> [Material provided]
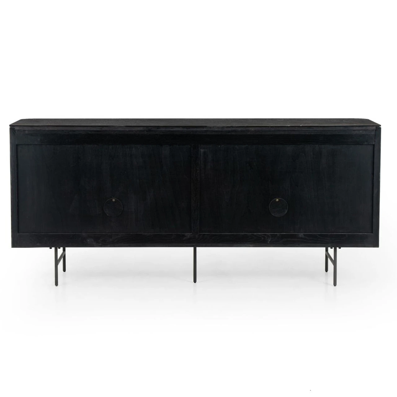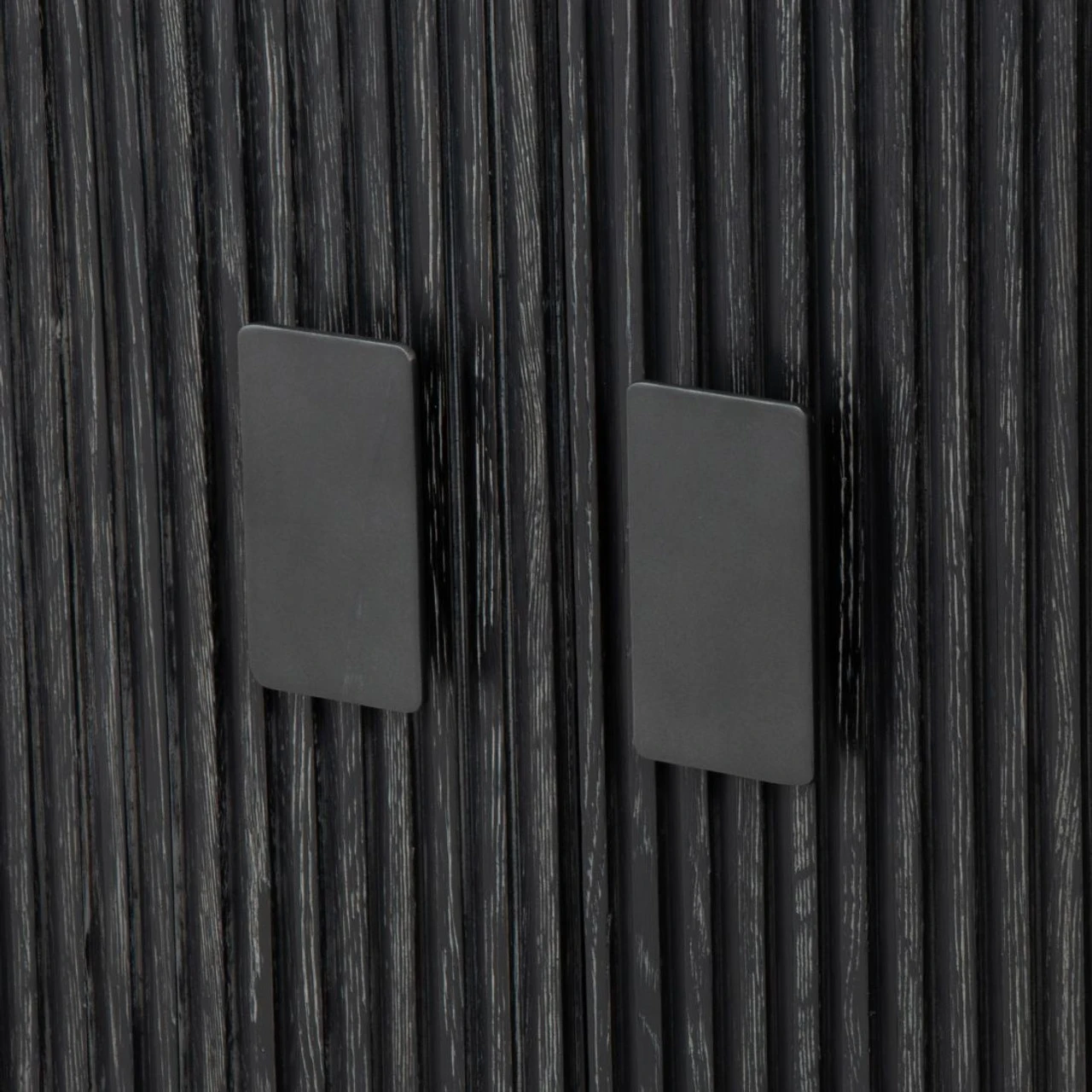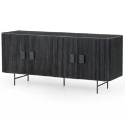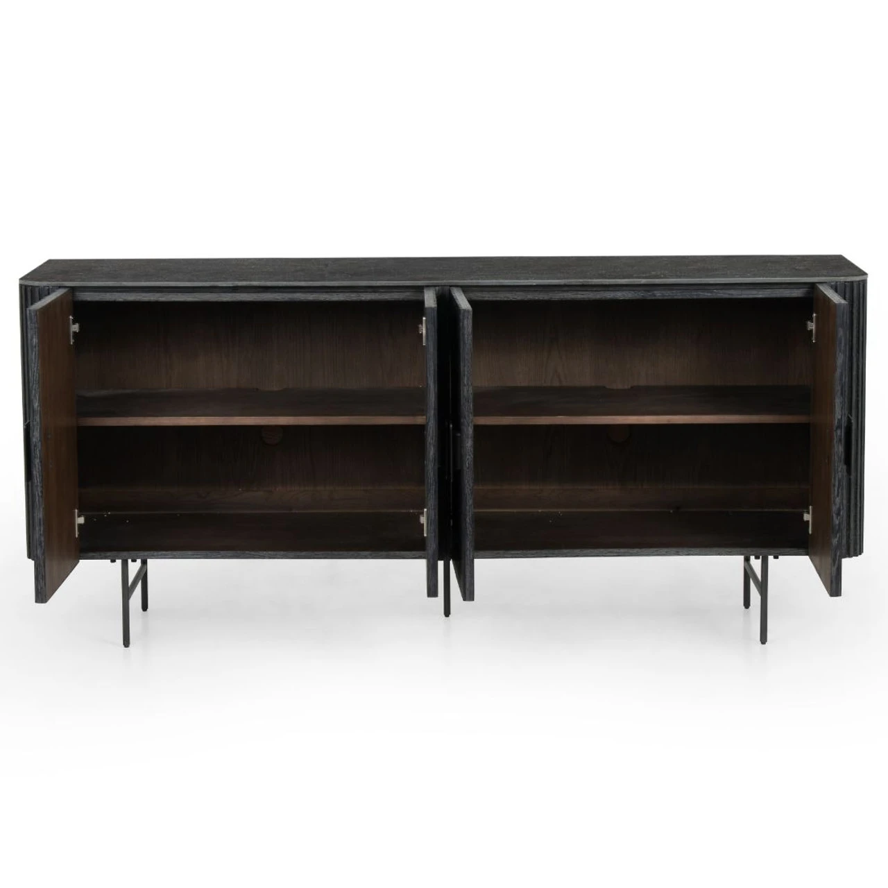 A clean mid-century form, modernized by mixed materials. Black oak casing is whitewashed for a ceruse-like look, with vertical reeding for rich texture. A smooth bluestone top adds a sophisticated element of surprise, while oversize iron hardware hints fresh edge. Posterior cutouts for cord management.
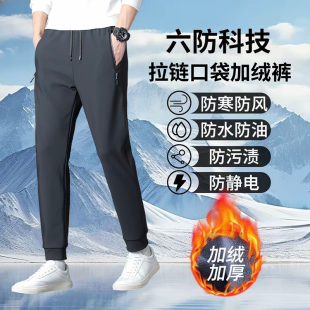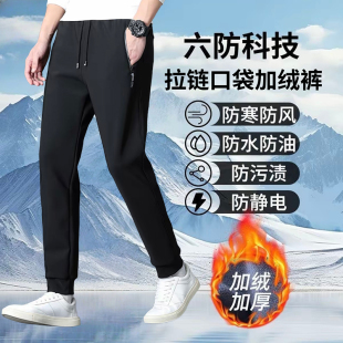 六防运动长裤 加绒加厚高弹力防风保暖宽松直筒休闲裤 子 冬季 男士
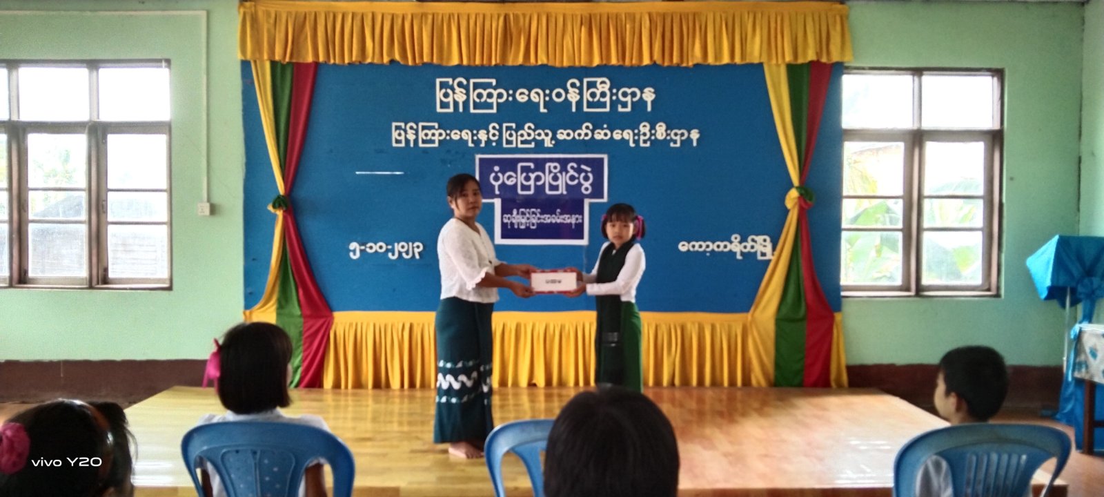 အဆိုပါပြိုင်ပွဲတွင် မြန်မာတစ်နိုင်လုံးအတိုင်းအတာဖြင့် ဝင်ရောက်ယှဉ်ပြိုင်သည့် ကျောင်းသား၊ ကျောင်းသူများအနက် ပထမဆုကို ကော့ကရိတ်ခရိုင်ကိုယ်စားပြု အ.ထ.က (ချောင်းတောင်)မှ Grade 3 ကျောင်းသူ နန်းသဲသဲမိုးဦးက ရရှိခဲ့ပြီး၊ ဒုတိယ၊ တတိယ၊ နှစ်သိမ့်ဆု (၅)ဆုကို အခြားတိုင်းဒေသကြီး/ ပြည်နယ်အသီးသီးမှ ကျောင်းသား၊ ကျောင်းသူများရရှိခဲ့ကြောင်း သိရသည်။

> [Directions for this task] Write out the data again word for word, minus any images.

> [Written response]
 A clean mid-century form, modernized by mixed materials. Black oak casing is whitewashed for a ceruse-like look, with vertical reeding for rich texture. A smooth bluestone top adds a sophisticated element of surprise, while oversize iron hardware hints fresh edge. Posterior cutouts for cord management.
 六防运动长裤 加绒加厚高弹力防风保暖宽松直筒休闲裤 子 冬季 男士
 အဆိုပါပြိုင်ပွဲတွင် မြန်မာတစ်နိုင်လုံးအတိုင်းအတာဖြင့် ဝင်ရောက်ယှဉ်ပြိုင်သည့် ကျောင်းသား၊ ကျောင်းသူများအနက် ပထမဆုကို ကော့ကရိတ်ခရိုင်ကိုယ်စားပြု အ.ထ.က (ချောင်းတောင်)မှ Grade 3 ကျောင်းသူ နန်းသဲသဲမိုးဦးက ရရှိခဲ့ပြီး၊ ဒုတိယ၊ တတိယ၊ နှစ်သိမ့်ဆု (၅)ဆုကို အခြားတိုင်းဒေသကြီး/ ပြည်နယ်အသီးသီးမှ ကျောင်းသား၊ ကျောင်းသူများရရှိခဲ့ကြောင်း သိရသည်။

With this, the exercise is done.